AT&T Stock Dividend Yield: 5.2%

It’s harder to find a stock that’s more of a battleship than AT&T (T). The telecom giant has been paying uninterrupted dividends since 1984, landing it a place on InvestorPlace’s list of dependable dividend stocks. More interesting is what AT&T is up to on the M&A front.

The only news that matter these days about AT&T is its acquisition of DirecTV (DTV). The deal was necessary to fend off competition from Comcast’s (CMCSA) plan to acquire Time Warner Cable (TWC). But don’t worry about the dividend. A gusher of free cash flow makes is easy for T to make a nearly $50 billion acquisition and still pay out very high dividends.

Beefing up with DirectTV and the satellite provider’s exclusive Sunday Ticket deal with the NFL will go a long way toward bolstering AT&T’s hand in negotiations with content providers and advertisers.

CenturyLink (CTL)

CTL Stock Dividend Yield: 5.3%

We usually get a kick out of CenturyLink (CTL) when compiling the list of top dividend stocks in the S&P 500.  There are just too many telcos with dividends at junk-bond level yields.

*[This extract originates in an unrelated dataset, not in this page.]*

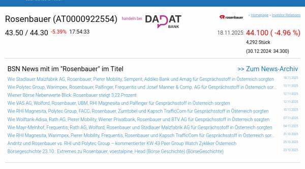 Aktien auf dem Radar:FACC, VIG, Zumtobel, Austriacard Holdings AG, Pierer Mobility, Rosenbauer, EVN, voestalpine, Addiko Bank, Gurktaler AG Stamm, Gurktaler AG VZ, Stadlauer Malzfabrik AG, BKS Bank Stamm, Oberbank AG Stamm, Amag, Flughafen Wien, Österreichische Post, Polytec Group, Porsche Automobil Holding, DAIMLER TRUCK HLD....
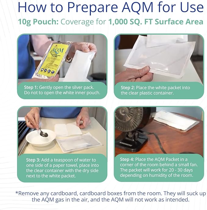 - How to Use: Place the AQM Packet in a corner of the room and open the silver packet; Remove the white pouch and place it back into the clear, self-adhesive protector; Place a slightly moistened paper towel in the protector, then place the protector pack behind a small 4โณ diameter fan; The room will be completely deodorized and the packet can produce the gas up to 20-30 days; Depending on the odor, the smell could be gone for years

That’s not true of CenturyLink anymore. CTL stock was yielding a crazy-high 7% at the beginning of the year, but then shares went on a price-appreciation tear. CTL stock is up 30% for the year-to-date, bringing the dividend yield to still-generous but less eye-popping levels.

CenturyLink, which has been around for nearly 50 years, is actually the third-largest telco by lines served, but that’s also been a huge source of problems. There’s no growth in lines. Now, with the expansion of its gigabit broadband services and broadband TV, the telco is making up for lost revenue in the legacy business and then some.

R.R. Donnelley (RRD)

RRD Stock Dividend Yield: 6%

R.R. Donnelley (RRD) is about as old-school as they come. This printing giant has been around since Abraham Lincoln was in office. And although it has been battered relentlessly by technological changes for decades now, it’s still standing — and maybe even set to thrive.

Traditional printing isn’t going away, but RRD can’t stand pat, so it’s also developing the capabilities to print high-tech products like RFID tags, batteries and antennae. Work is still in the research and development phase, but if it pans out, maybe RRD will get a chance to play the disruptor for a change.

True, RRD stock is off 15% for the year-to-date, but shares do seem to have bottomed. RRD stock has gained 8% in just the last month. The 6% yield on the dividend is an eye-opener, and you know the company is good for it. RRD is on InvestorPlace’s list of dependable dividend stocks, having paid one without interruption since 1984.